▶ _REQUIREMENT_
Return exactly the span that opens with the line containing "Об этом сообщают" and closes with the final line of the records, both included.
Segment Start: RECORDS
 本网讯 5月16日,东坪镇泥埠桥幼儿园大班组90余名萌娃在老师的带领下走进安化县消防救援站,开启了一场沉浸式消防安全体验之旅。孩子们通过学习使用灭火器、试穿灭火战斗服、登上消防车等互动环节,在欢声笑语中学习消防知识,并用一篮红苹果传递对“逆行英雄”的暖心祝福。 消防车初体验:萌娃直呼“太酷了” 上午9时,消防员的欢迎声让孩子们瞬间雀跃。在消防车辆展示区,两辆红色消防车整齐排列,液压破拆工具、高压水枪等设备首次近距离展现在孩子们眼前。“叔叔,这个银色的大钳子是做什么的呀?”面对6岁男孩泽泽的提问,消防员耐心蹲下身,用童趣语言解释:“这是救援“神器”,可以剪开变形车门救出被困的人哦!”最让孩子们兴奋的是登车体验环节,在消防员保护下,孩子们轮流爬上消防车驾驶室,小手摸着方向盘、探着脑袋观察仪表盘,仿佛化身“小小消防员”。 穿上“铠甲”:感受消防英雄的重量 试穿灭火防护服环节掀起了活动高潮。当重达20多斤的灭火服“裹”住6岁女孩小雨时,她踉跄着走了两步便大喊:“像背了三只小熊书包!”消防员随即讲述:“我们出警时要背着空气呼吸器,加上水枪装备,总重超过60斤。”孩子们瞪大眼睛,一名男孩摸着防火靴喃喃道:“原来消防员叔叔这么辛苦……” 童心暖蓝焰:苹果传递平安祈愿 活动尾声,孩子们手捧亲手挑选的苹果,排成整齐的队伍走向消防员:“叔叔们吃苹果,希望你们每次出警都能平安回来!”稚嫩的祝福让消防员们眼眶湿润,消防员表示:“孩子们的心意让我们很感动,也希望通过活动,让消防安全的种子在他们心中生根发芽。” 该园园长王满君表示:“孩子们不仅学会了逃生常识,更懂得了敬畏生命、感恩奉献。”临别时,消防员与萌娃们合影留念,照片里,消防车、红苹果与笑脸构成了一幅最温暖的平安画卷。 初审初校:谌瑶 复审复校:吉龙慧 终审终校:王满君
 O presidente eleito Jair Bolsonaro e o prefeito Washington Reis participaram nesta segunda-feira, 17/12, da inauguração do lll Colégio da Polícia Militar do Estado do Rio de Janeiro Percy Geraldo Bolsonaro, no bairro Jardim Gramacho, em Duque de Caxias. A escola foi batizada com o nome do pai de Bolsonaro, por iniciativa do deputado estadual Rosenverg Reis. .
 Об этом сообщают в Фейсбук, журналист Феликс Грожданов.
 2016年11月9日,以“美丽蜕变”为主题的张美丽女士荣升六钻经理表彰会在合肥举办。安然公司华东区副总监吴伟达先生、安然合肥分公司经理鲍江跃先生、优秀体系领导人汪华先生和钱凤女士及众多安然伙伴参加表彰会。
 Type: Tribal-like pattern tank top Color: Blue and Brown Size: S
Segment End: RECORDS
▶ _WRITTEN RESPONSE_
 Об этом сообщают в Фейсбук, журналист Феликс Грожданов.
 2016年11月9日,以“美丽蜕变”为主题的张美丽女士荣升六钻经理表彰会在合肥举办。安然公司华东区副总监吴伟达先生、安然合肥分公司经理鲍江跃先生、优秀体系领导人汪华先生和钱凤女士及众多安然伙伴参加表彰会。
 Type: Tribal-like pattern tank top Color: Blue and Brown Size: S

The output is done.